I recently saw a video of David Fischer using an adze to carve large bowls and to say the least I was intrigued. Being limited by the size of my mini lathe I've always wanted to find a way to make large bowls without having to buy a larger lathe. Which isn't an option living in an apt. The question I have is has anyone ever used one before? If so how do you like it? Is it worth investing in?


----------



## Wildwood (Jul 22, 2012)

No! Making bowls that way reminds me of that dreaded four letter word WORK!

By the time you pick up an assortment of adz's, chisels, scrapers to make bowls will have a serious investment unless come across deals at flea markets or make your own tools.

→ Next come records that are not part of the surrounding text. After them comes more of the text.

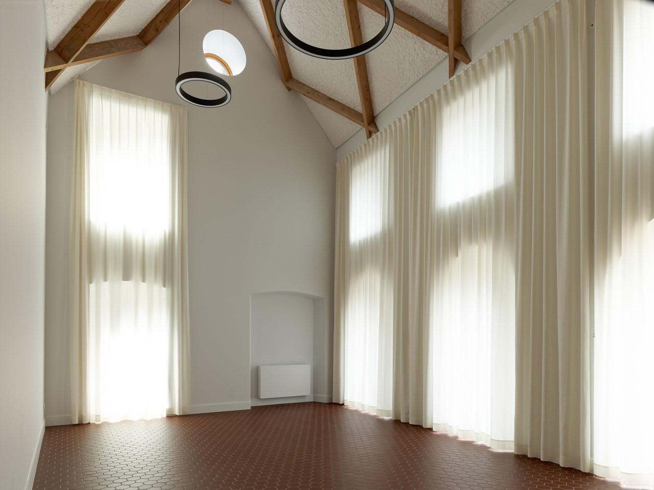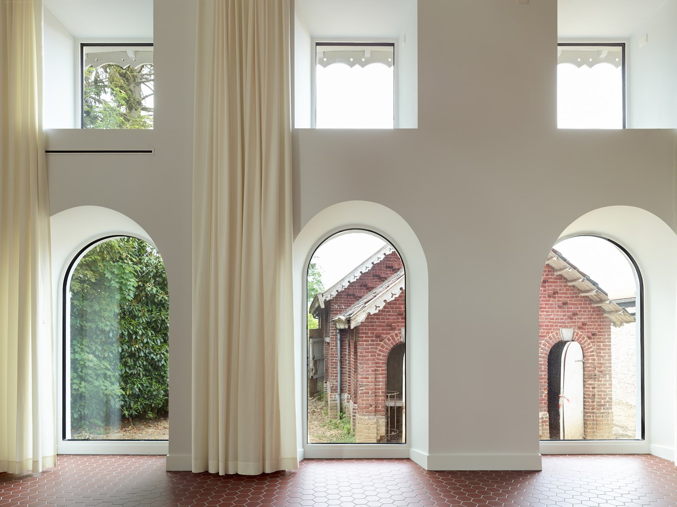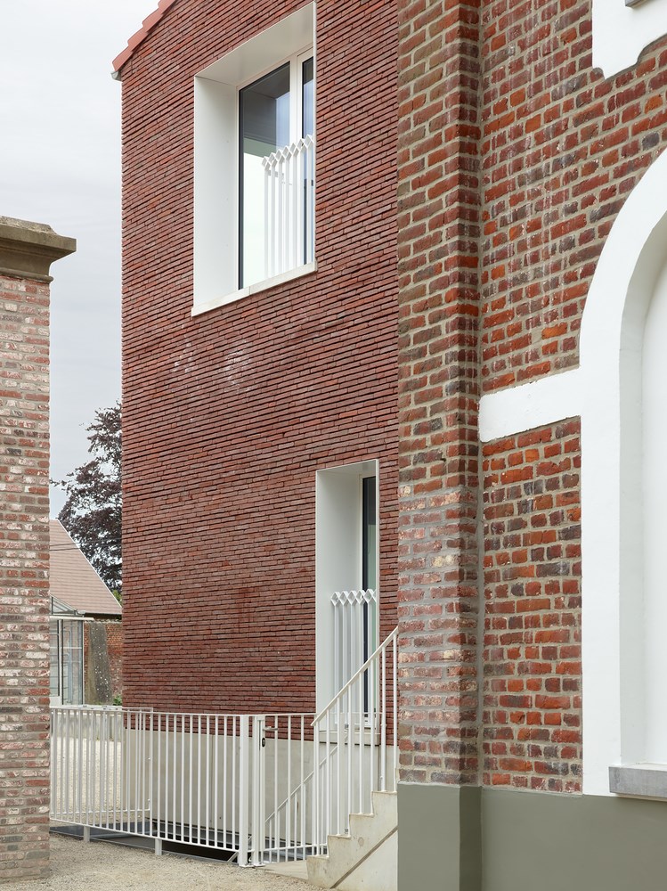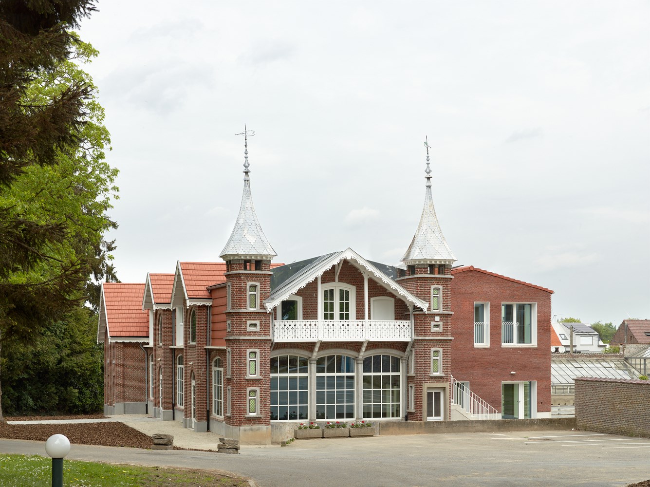 De ingreep van PLUSOFFICE herwaardeert het oorspronkelijke hoofdvolume, vernieuwt de dakvorm en plaatst een "tweeling zuster" als uitbreiding naast het oorspronkelijke gebouw. De nieuwe dakvorm sluit naadloos aan op het historische gebouw en is gemaakt van kleidakpannen in harmonie met de bestaande bakstenen gevel. De nieuwe aanbouw neemt dit materiaalgebruik over en breidt het uit met eigentijdse raamopeningen. De ballustrades voor deze ramen zijn figuratief gedetailleerd, geïnspireerd op de fijne houten uitsparingen van het hoofdgebouw.
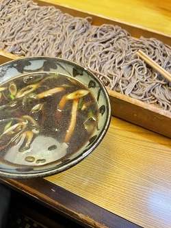 お昼は、定番の”温かも汁そば2尺”
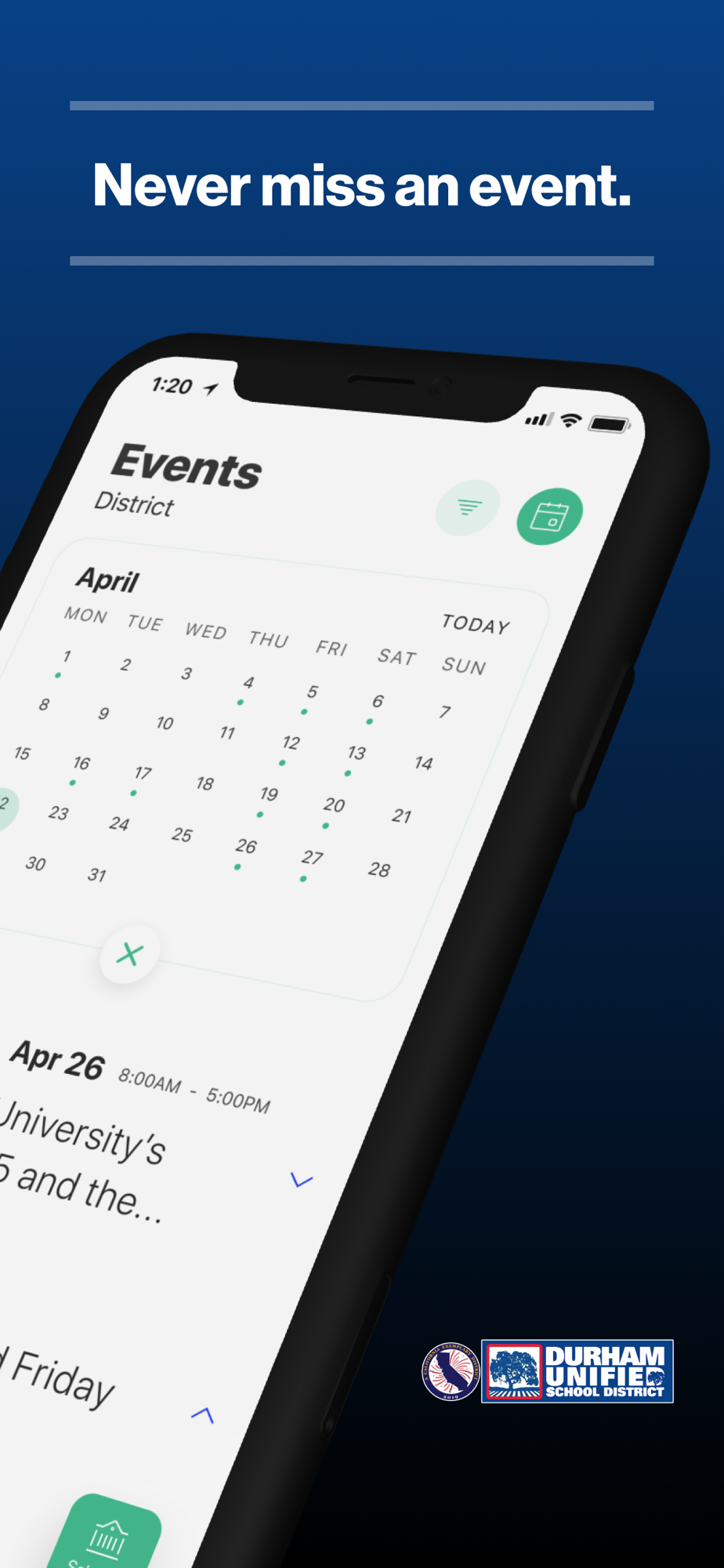 The event section shows a list of events throughout the district. Users can add an event to your calendar to share the event with friends and family with one tap.

http://www.traditionalwoodworker.com/products.asp?dept=103

Lathe, chucks, turning tools pickup truck, chain saws, homemade wood shed while not cheap still require that dreaded four letter word too!

Good luck with it!


----------



## planeBill (Oct 21, 2011)

It is a bit of work but it is woodworking and it is fun. I have made a few bowls this way for my wife and once I was taught to use the adze correctly it became much easier. It is not really a multi purpose tool unless you intend to build boats too. Mine came in handy when shaping a large deadwood but other than that I haven't found many other uses for it but others my know of some.
If you do decide to invest in one please treat yourself to a fine tool and but one from Don Dillon in Colfax N C. He makes absolutely the nicest adzes Ive ever seen. A recent instructor of mine who is a professional shipwright trained in England and has built many large ships there and here, is an accomplished furniture maker as well as a bowl maker tried many times to relieve me of my two Dillon adzes. He said they were the nicest ones he had ever used.
Don hand forges them from D1 I think but he may use others too, mine are D1 drill rod stock and I have never been able to dull either of them.


----------



## waho6o9 (May 6, 2011)

http://theblacksmithsanvil.com/wp/?cat=57









Now that's a serious workbench.


----------



## Tim457 (Jan 11, 2013)

Haven't done it but it does look fun. It would only be work if you didn't enjoy it I guess. Here's another good video on the process. While it would be best to have high quality tools if you do this a lot, I would think it's probably best to try an adze out for a bit before you commit a lot of money to it and a vintage one can be a great way to do that. Depends on whether it's worth your time to go looking for one and cleaning it up and sharpening it though too. It can be a time vs money tradeoff.


----------



## Boatman53 (May 21, 2012)

Search out Kestrel tools. They make carving tools used by the northwest coast natives for totem carving. I don't own any but they sure look good. Even have kits and steel blanks for making your own.
A ships adze is just too big in my mind.
Jim


----------